* _INPUT FOR THIS TASK_

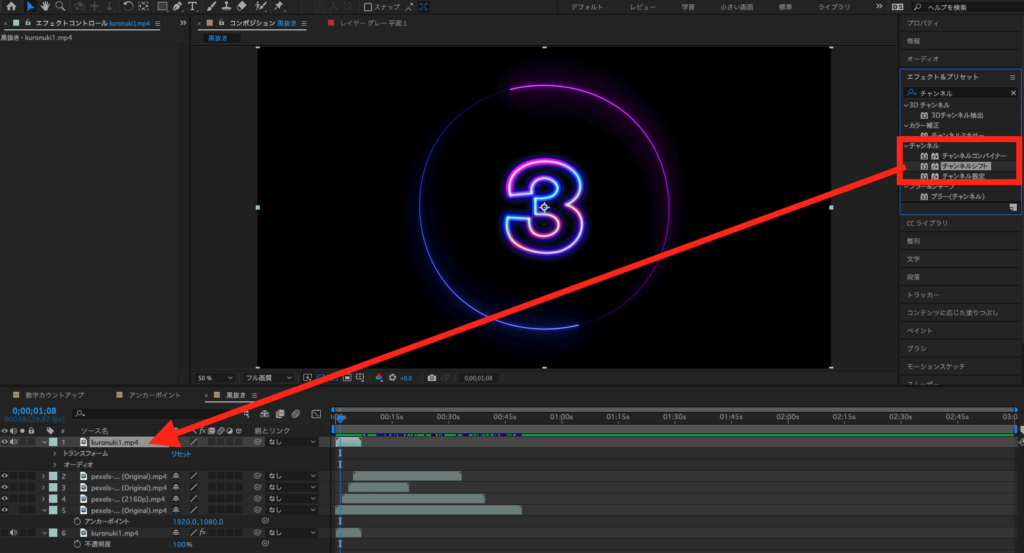 Step1 黒抜きしたい動画に「チャンネルコンバイナー」のエフェクトを使用する
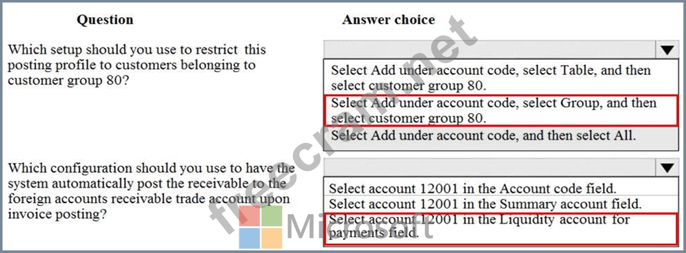 A client is using Dynamics 365 Finance for sales order processing and accounts receivable. The client has two customer groups and two Accounts receivable trade accounts. Foreign customers in Group 80 are assigned to account 12001. Domestic customers in Group 40 are assigned to account 12000.
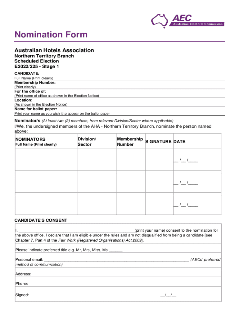 Nomination Form Australian Hotels Association Northern Territory Branch Scheduled Election E2022/225 Stage 1 CANDIDATE: Full Name (Print clearly)Membership Number: (Print clearly)For the office of:
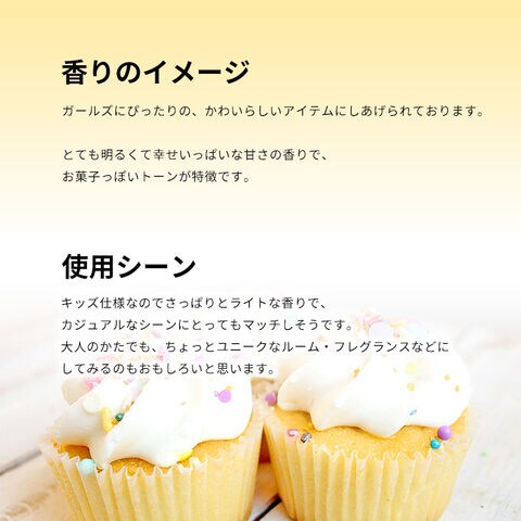 とても明るくて幸せいっぱいな甘さの香りで、お菓子っぽいトーンが特徴です。キッズ仕様なのでさっぱりとライトな香りで、カジュアルなシーンにとってもマッチしそうです。大人のかたでも、ちょっとユニークなルーム・フレグランスなどにしてみるのもおもしろいと思います。
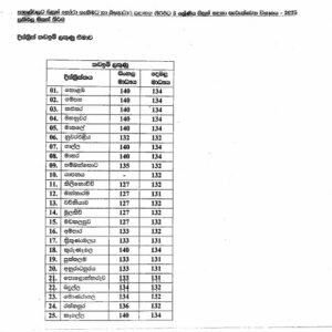 මෙවර 2025 පහ ශ්රේණිය ශිෂ්යත්ව විභාග ප්රතිඵලවලට අනුව දිස්ත්රික් මට්ටමින් කඩඉම් ලකුණු සීමාවන් ද විභාග දෙපාර්තමේන්තුව විසින් ප්රකාශයට පත් කර තිබේ.
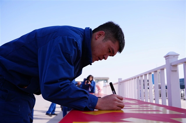 大会最后,印有“坚决夺取神舟二十一号载人飞行任务全面胜利”的巨型横幅展开,工作人员依次上前签字。
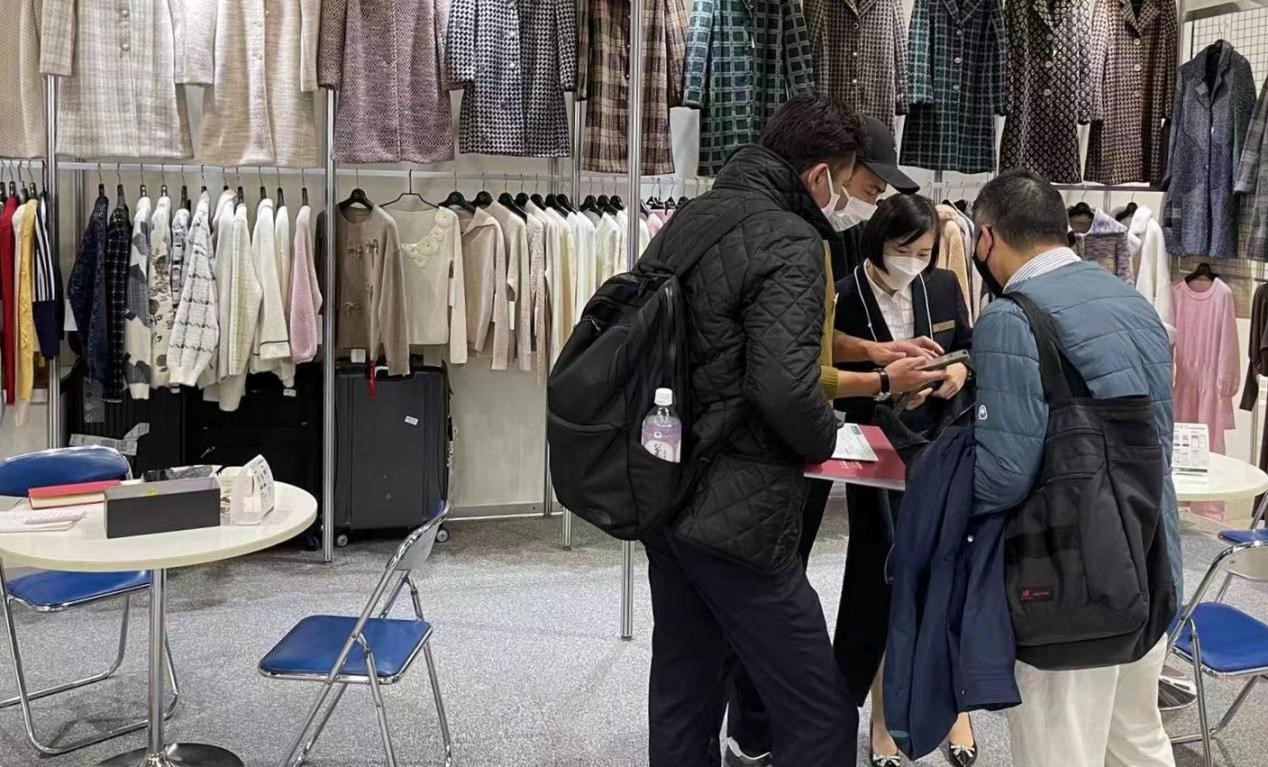 Representatives from clothing companies in Jiaxing, east China’s Zhejiang Province, communicate with clients during the Asian Fashion Fair (AFF) in December 2022. (People’s Daily Online/courtesy of the interviewee)
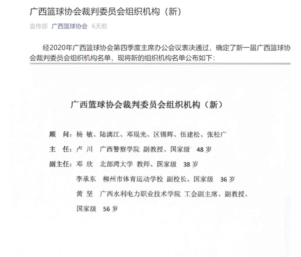 近日,在2020年广西篮球协会第四季度主席办公会议上,表决通过并确定了新一届广西篮球协会裁判委员会组织机构名单,我校体育教学部教师邓欣作为广西唯一一名CBA联赛裁判员当选广西篮球协会裁判委员会副主任。
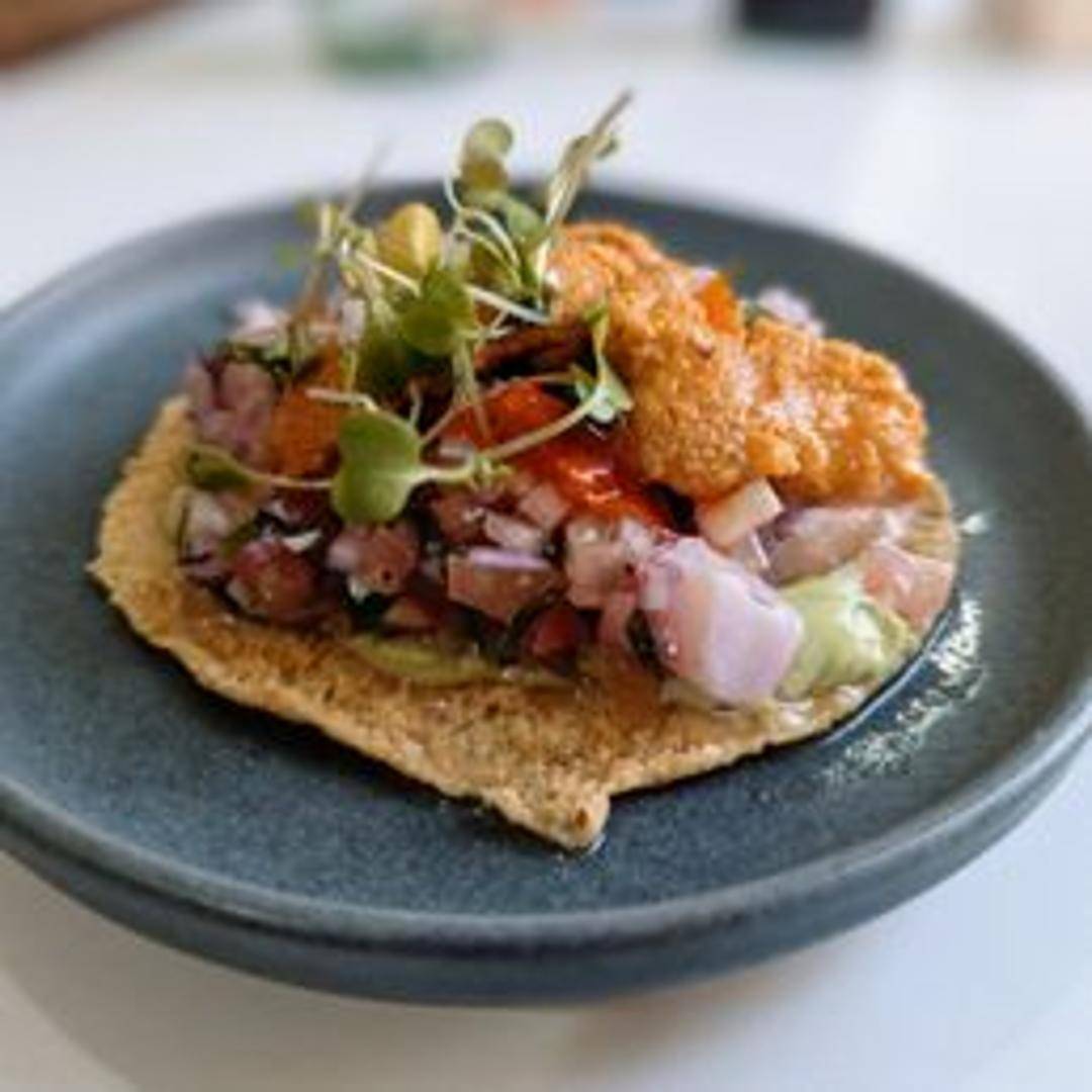 Crispy tostada topped with slices of fresh kanpachi (amberjack) and creamy uni (sea urchin). Often includes other components such as avocado, sesame seeds, or a delicate citrus vinaigrette to complement the rich flavors and textures.
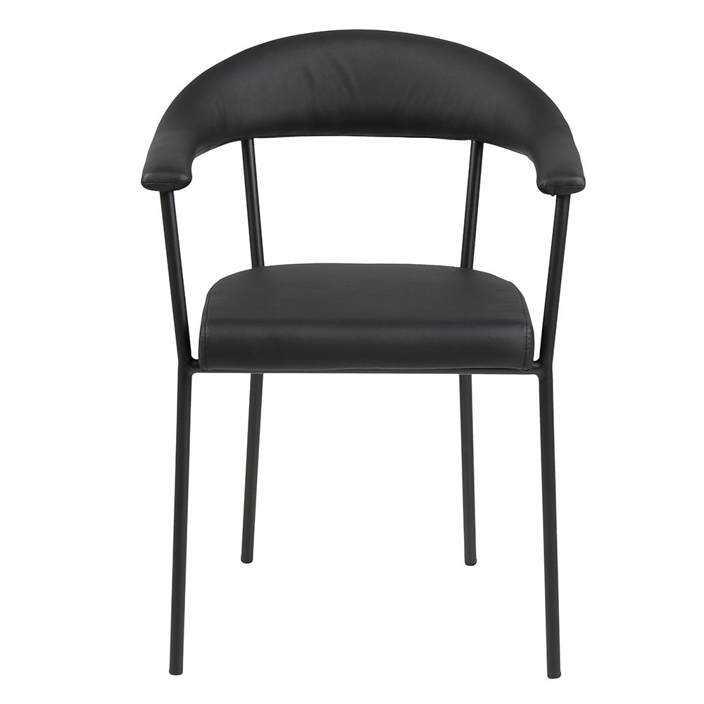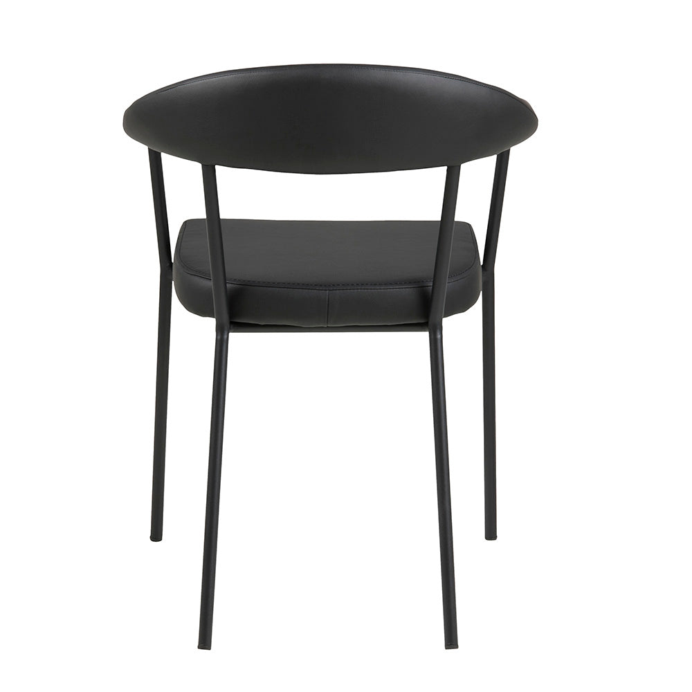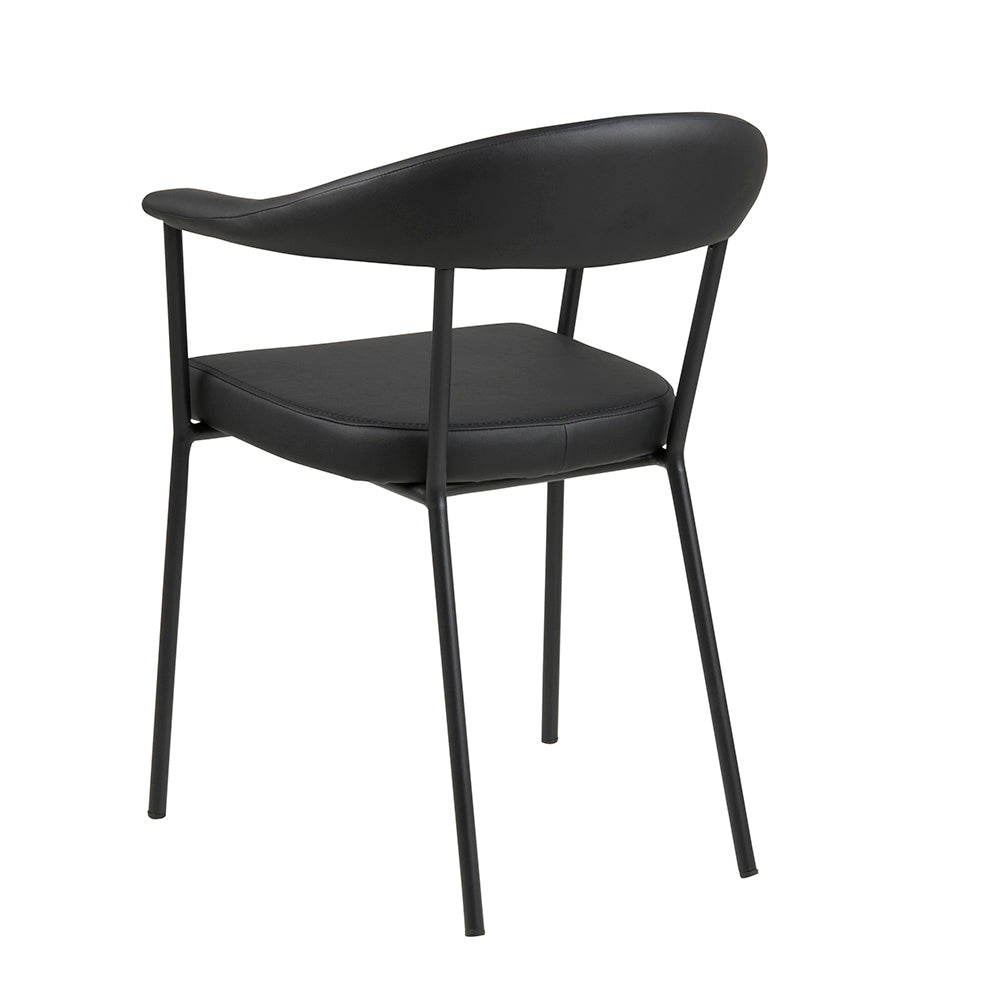 Featuring contemporary elegance, the LAVA dining chair adds a lightweight touch to your dining room. Inspired by minimalism, its sophisticated seat with armrests is upholstered in black faux leather fabric, resting in a slim black metal frame like a jewel. The slightly curved backrest ensures a comfortable experience.
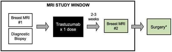 Study schema. Patients with newly diagnosed and untreated HER2+ breast cancer were eligible for the study. Patients enrolled in the study underwent two breast MRI exams, before and after receiving a single dose of trastuzumab. Tissue was obtained pre-treatment from the diagnostic biopsy and post-treatment tissue was typically obtained at time of surgery. * For patients planning to undergo a full course of neoadjuvant treatment, a research biopsy was carried out prior to initiating chemotherapy.
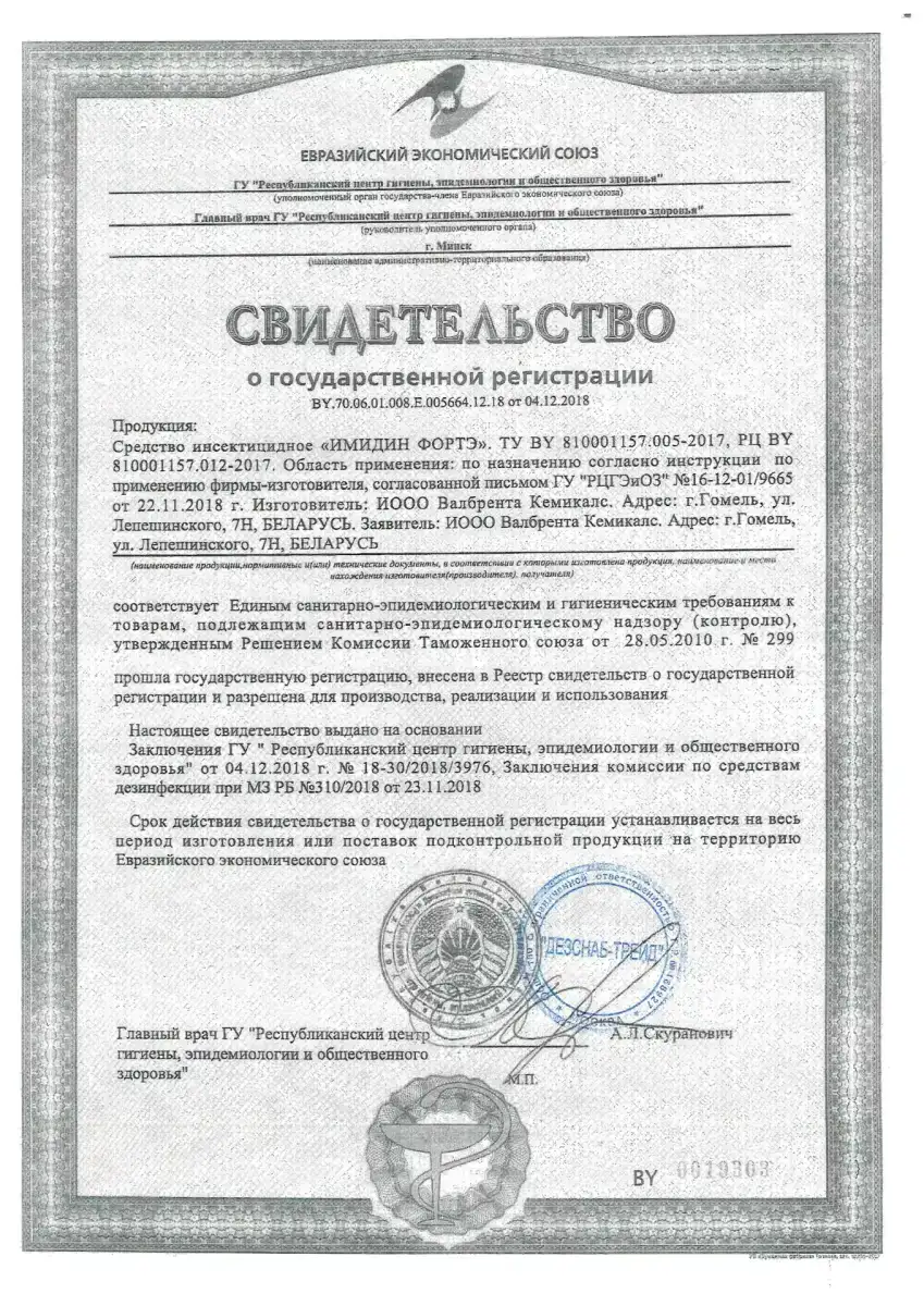 - Имидаклоприд — неоникотиноид, нарушает передачу нервных импульсов. Эффективен в микродозах.
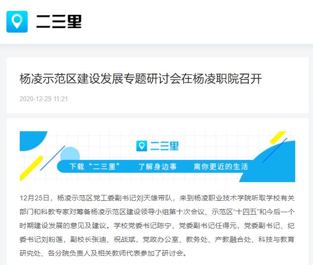 【二三里】杨凌示范区建设发展专题研讨会在杨凌职院召开

* _YOUR OBJECTIVE_
Give again, word for word, the line that contains "Representatives from clothing" and every line after it through the end of the entries; omit the pictures.

* _FINISHED TASK_
 Representatives from clothing companies in Jiaxing, east China’s Zhejiang Province, communicate with clients during the Asian Fashion Fair (AFF) in December 2022. (People’s Daily Online/courtesy of the interviewee)
 近日,在2020年广西篮球协会第四季度主席办公会议上,表决通过并确定了新一届广西篮球协会裁判委员会组织机构名单,我校体育教学部教师邓欣作为广西唯一一名CBA联赛裁判员当选广西篮球协会裁判委员会副主任。
 Crispy tostada topped with slices of fresh kanpachi (amberjack) and creamy uni (sea urchin). Often includes other components such as avocado, sesame seeds, or a delicate citrus vinaigrette to complement the rich flavors and textures.
 Featuring contemporary elegance, the LAVA dining chair adds a lightweight touch to your dining room. Inspired by minimalism, its sophisticated seat with armrests is upholstered in black faux leather fabric, resting in a slim black metal frame like a jewel. The slightly curved backrest ensures a comfortable experience.
 Study schema. Patients with newly diagnosed and untreated HER2+ breast cancer were eligible for the study. Patients enrolled in the study underwent two breast MRI exams, before and after receiving a single dose of trastuzumab. Tissue was obtained pre-treatment from the diagnostic biopsy and post-treatment tissue was typically obtained at time of surgery. * For patients planning to undergo a full course of neoadjuvant treatment, a research biopsy was carried out prior to initiating chemotherapy.
 - Имидаклоприд — неоникотиноид, нарушает передачу нервных импульсов. Эффективен в микродозах.
 【二三里】杨凌示范区建设发展专题研讨会在杨凌职院召开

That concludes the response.